12. The non-invasive biosignal measurement method based on skin effect removal of claim 11, wherein the first sensor module further includes

a light emitting diode (LED) irradiating one side of the body part with incident light having a specific wavelength value and a photo detector (PD) detecting the light derived via the skin from the incident light, and

the optical barrier is disposed between the LED and the PD, and blocks direct movement of the incident light between the LED and the PD.

13. The non-invasive biosignal measurement method based on skin effect removal of claim 11, wherein the second sensor module is formed in a cylinder structure having a specific height based on a bottom surface which is in contact with the skin, and includes the LED and the PD disposed on the same plane on a top surface having the cylinder structure in line.
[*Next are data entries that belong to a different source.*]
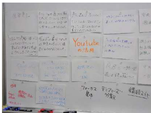
互いの学習法を共有したり (上)、悩みと解決策を出し合ったりする (下) ことで、自分に合った学び方を見い出す

支援するために、卒業生による合格者体験談、年数回の模試とその振り返り、直前対策講座 (科目ごとに教員が内容のポイントを説明したり、過去問題を解説したりする)、勉強の進捗状況についての個別面談など、社会福祉士養成課程ではさまざまな受験対策プログラムを実施しています。しかし、受験勉強に取り組もうとしても、何から手をつければよいのか、どのような勉強方法が自分に合っているのか、ということに悩む学生も少なくありません。
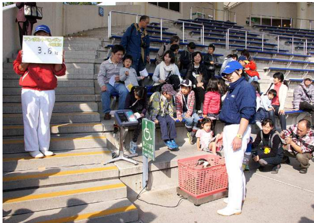
ペンギンの体重測定
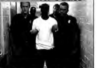
Czekając na wyrok - dramat psychologiczny, USA 2001, reż. Marc Forster.

Hank Grotowski pracuje jako strażnik w stanowym więzieniu. Jest rasistą. Przypadkiem poznaje czarnoskórą Leticię, wdowę po Lawrence, przy egzekucji którego asystował.
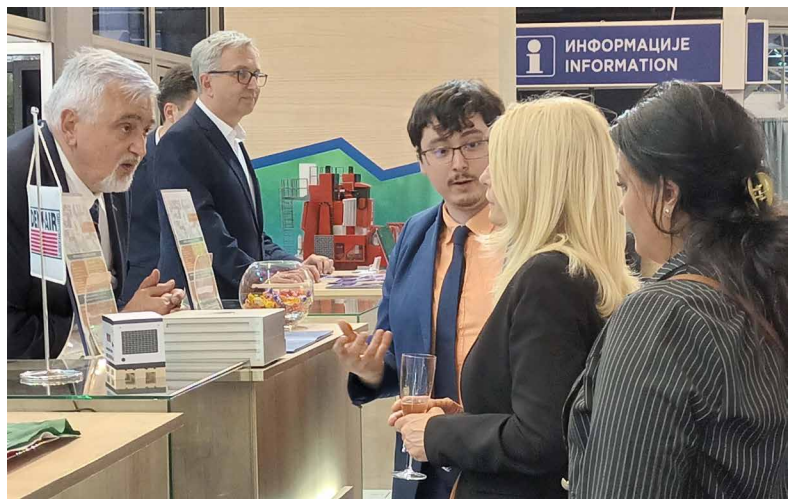
A szerb innovációs miniszter asszony a szegedi SolVElectric standjánál

Kiállítóink: Ledium Kft., Moltech AH Kft. és a Solvelectric Kft.
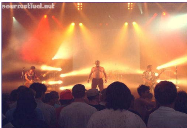
Concert Dourfestival 2005
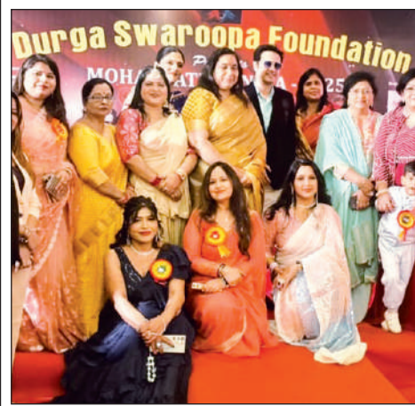
कार्यक्रम में शामिल दुर्गा फाउंडेशन के लोग।
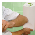
Manos. Riesgo higiénico
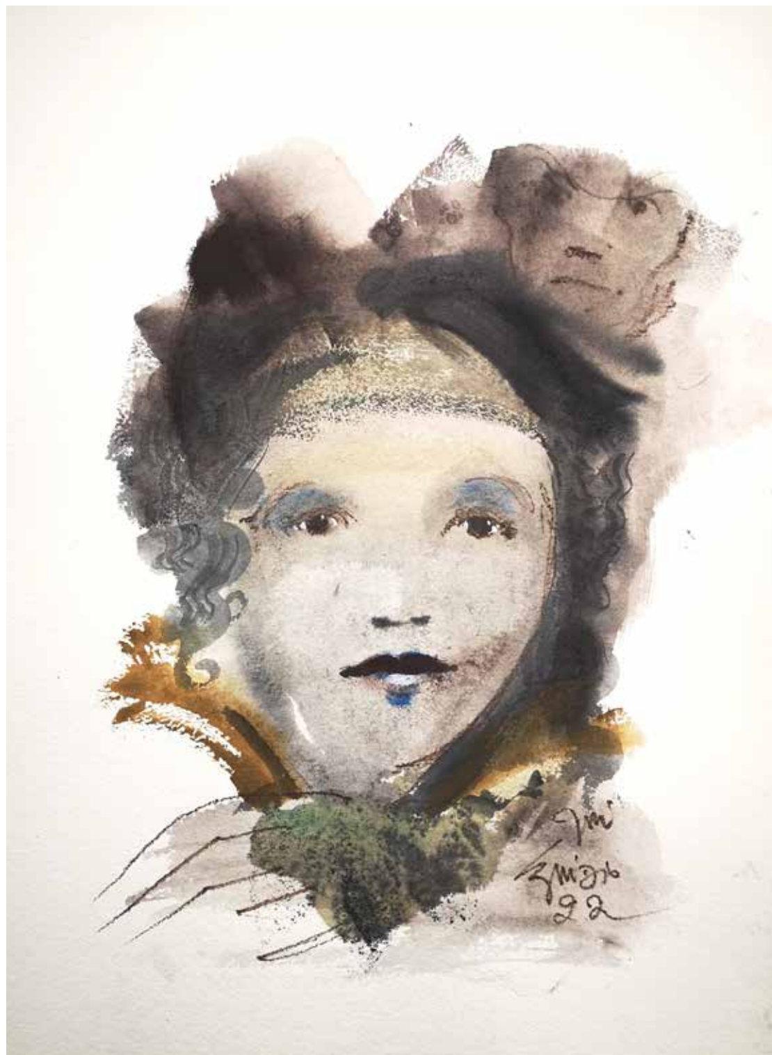
30. Série "A poética do olhar", 2022 Aquarela e aguadas ArtGraf s/ papel, 65x50 cm
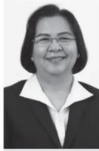
ทัศนีย์ เมืองแก้ว

สำนักงานเศรษฐกิจการเกษตร (สศก.) เปิดเผยว่า ในปีงบประมาณ 2562 สศก. ร่วมกับสภาผู้ส่งสินค้าทางเรือแห่งประเทศไทย (สรท.) ศึกษารูปแบบการพัฒนาระบบการบริหารจัดการโซ่ความเย็น (Cold Chain) ในสินค้าพืชผักและผลไม้ (อาทิ เงาะ ทุเรียน มังคุด ขนุน กะเพรา แตงกวา หมอไม้ฝรั่ง และ เห็ด) ของสถาบันเกษตรกรในพื้นที่เขตพัฒนาพิเศษภาคตะวันออก (Eastern Economic Corridor: EEC) และพื้นที่ใกล้เคียง
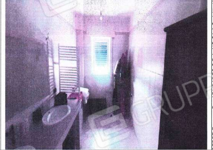
Particolare ambienti interni bagno
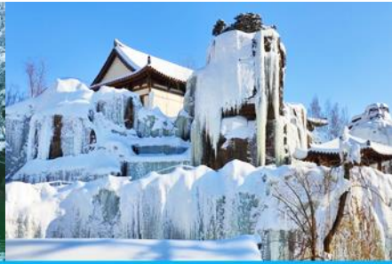
หมู่บ้านวัฒนธรรมเกาหลี
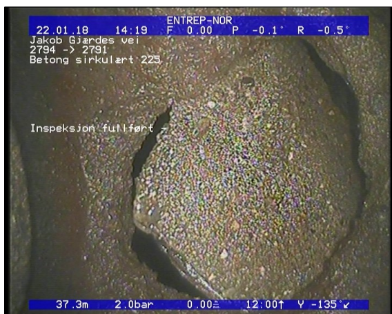
Foto: Inspeksjon fullført - _22012018_37,31_IF.JPG 37,31m, Inspeksjon fullført -
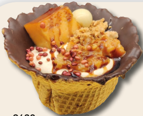
9432 CREPPES NIDO MOUSSE TURRÓN CON TOCINO DE CIELO Mousse de turrón con tocino de cielo y crema de tocino de cielo sobre galleta crepe y chocolate. 125 g. 12 unid/caja
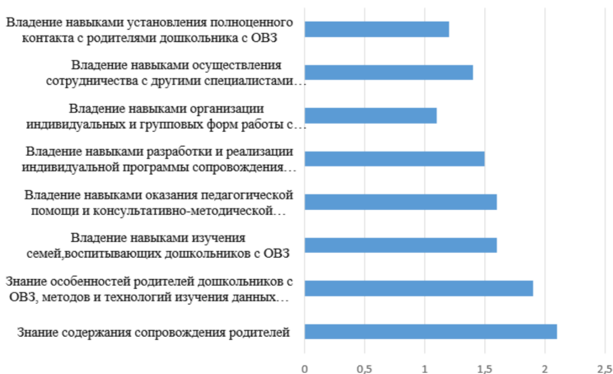
Рис. 2. Результаты общего мнения экспертов о сформированности профессиональных знаний, умений и навыков организации сопровождения родителей дошкольников с особыми образовательными потребностями у студентов направления подготовки «Специальное (дефектологическое) образование»
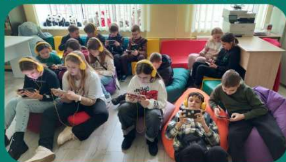
Плотний проєкт "Triumf Health for Ukraine" (Естонія), мобільний застосунок "Triumfland Saga"
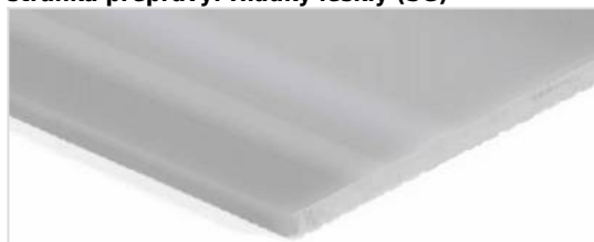
stránka přepravy: Hladký lesklý (SG)
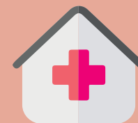
Centre de lutte contre le cancer
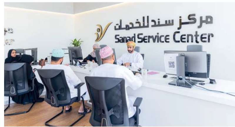
استمرار جهود الوزارة في تطوير واستدامة مراكز سند

القطاعات الاقتصادية الحيوية الداعمة للتنوع الاقتصادي، حيث بلغت الاستثمارات فيه نحو ٤,٣ مليار ريال عُماني، فيما وصلت مساهمته في الناتج المحلي إلى ٢,٣٥ مليار ريال عُماني في حين بلغت قيمة إعادة التصدير في السوق العُماني ٢,١ مليار ريال عُماني، كما بلغت قيمة الواردات ١٧,٢ مليار ريال عُماني، ما يعكس الدور المحوري للقطاع في دعم التجارة والاستثمار والتنمية الاقتصادية. وأكد السديري أهمية تعزيز التكامل بين مختلف الجهات المعنية لتطوير المنظومة اللوجستية، والاستفادة من المقومات التي تتمتع بها محافظة الظاهرة لدعم النمو الاقتصادي وجذب الاستثمار.

14. The non-invasive biosignal measurement method based on skin effect removal of claim 11, wherein the removing of the noise includes constructing a prediction model that receives AC and DC values for optical signals of different wavelength values collected through the first sensor module, and the RGB skin reflection values collected through the second sensor module as an input, and generates ratio values at different wavelengths as an output.

15. The non-invasive biosignal measurement method based on skin effect removal of claim 14, wherein the removing of the noise includes constructing the prediction model by using a genetic symbolic regression (GSR) model.

16. The non-invasive biosignal measurement method based on skin effect removal of claim 11, further comprising:

constructing a mathematical model between ratio values at different wavelengths, and biosignal values including the blood sugar and glycated hemoglobin; and

calculating the biosignal of the measurement subject by using the mathematical model.